We had a lean staff and a flat organization. Stakeholders included COSI associates, the city’s leading business figures, the mayor, the city council, the governor, and museum visitors. Each person on our core team brought relevant experiences and competencies to the table, but we faced a huge array of challenges unlike anything we had dealt with before. I realized quickly that one of my most important tasks was to ensure that the team was building creative and robust answers to every question.
This in turn meant we had to come to a shared understanding of our situation, tap the knowledge around us, and continually examine and test the answers and solutions we thought we had in place. In other words, we were acting like exploratory scientists, and our terrain was an evolving institution.
As I’ve worked in science education over the years, I have wondered why this type of leadership seems so rare in U.S. schools. This question drew me to collaborate with Karl J. Klimek and Elsie Ritzenhein on the book Generative Leadership: Shaping New Futures for Today’s Schools. In the research on the human mind and brain that my coauthors and I conducted for that project, we learned much about the strong relationship between effective leading and effective learning.
According to the classroom-oriented cognitive researchers Renate Numella Caine and Geoffrey Caine, the brain’s natural learning process works most effectively when three elements are present.

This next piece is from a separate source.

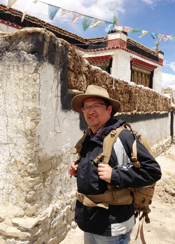 鐘揚(yáng)在西藏日喀則進(jìn)行植物采樣時(shí)留影。(新華社發(fā) 馮艾攝)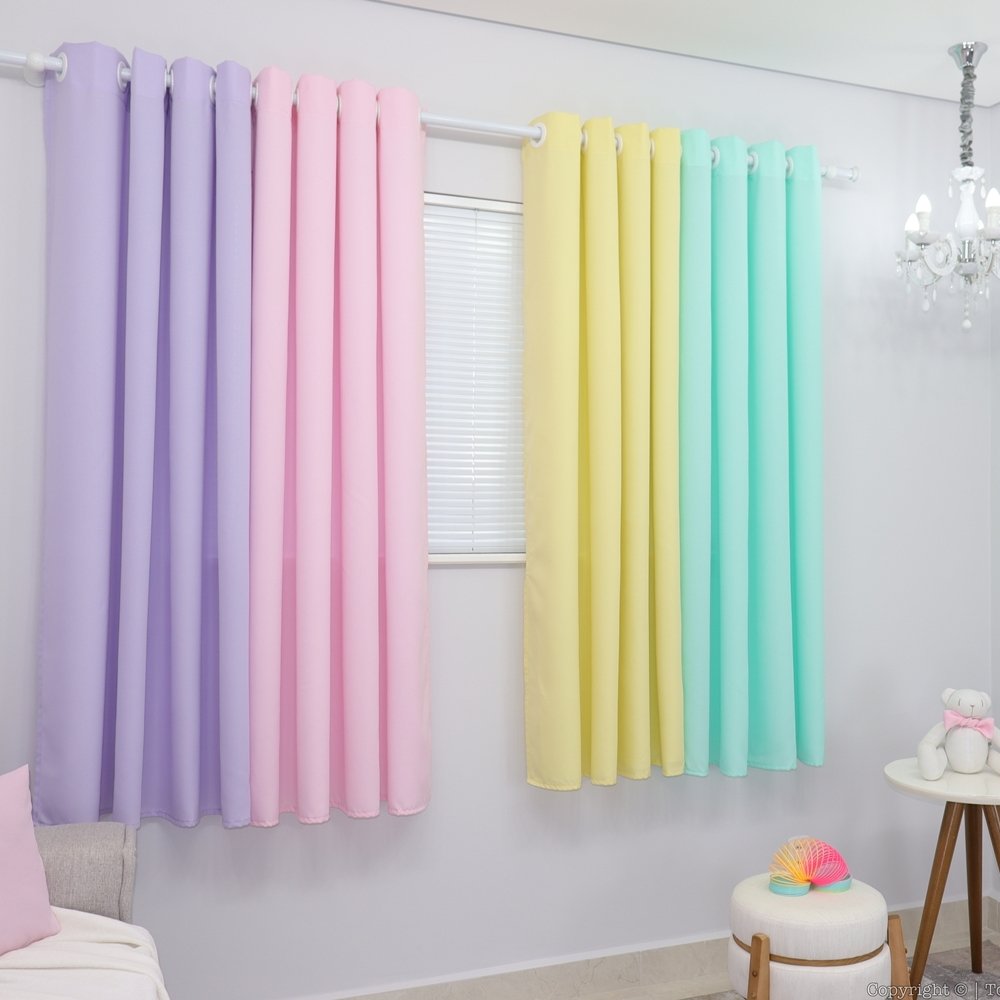 Nosso modelo Arco-íris contém a medida de 6 metros de largura de tecido esticado, pode estar usando em varão de 2 a 4 metros de largura que ficará super bonito. Essa cortina contém 4 FOLHAS AVULSAS de 1,50 cada lado uma de cada cor, com isso você pode estar utilizando várias combinações na hora de montar a cortina. A altura é de 1,80, indicado para janelas.

The first element is a “high challenge/low threat” environment. People learn most effectively when they feel fundamentally safe but sense something novel or unknown. The low threat level allows the primal centers of the brain to relax; if a threat is perceived, these survival circuits will overwhelm and shut down the brain regions involved in learning. The stimulus — be it novel experience, curiosity, need, or the desire for a result — keeps the brain’s major processing centers alert and highly active.
Second, people learn best in an environment that is rich in diverse sensory information: imagery, spoken words, written text, numbers, and hands-on activity combined. This variety stimulates multiple regions of the brain simultaneously, strengthening the signaling pathways between them. Further, since each individual has a unique blend of learning aptitudes, richly orchestrated experiences are more likely to engage a broader array of people, whether schoolchildren or adults.
Finally, real learning occurs through the active processing of new stimuli or experience. This involves more than just storing information in working memory. Students cannot simply write down what they heard in class to fully understand it. They must experiment with it or apply it to solve problems. Simple as it may sound, exercises that ask students to link new information to their own personal experiences can catalyze this kind of processing very well.
I saw in these three elements the ingredients that had made my own learning experience so powerful. At COSI, we incorporated them into the design of all our exhibits and education programs. I also realized the need to bring them into formal education, especially STEM education.
Out of the Factory Model
Even after years of education reform efforts and the world-shaping impact of computer technologies, many schools are stuck using an education model based on the factories and armies of the 19th century. Authority is hierarchical; knowledge is broken down into discrete, specialized, unrelated units; and the day is divided into manageable blocks of time.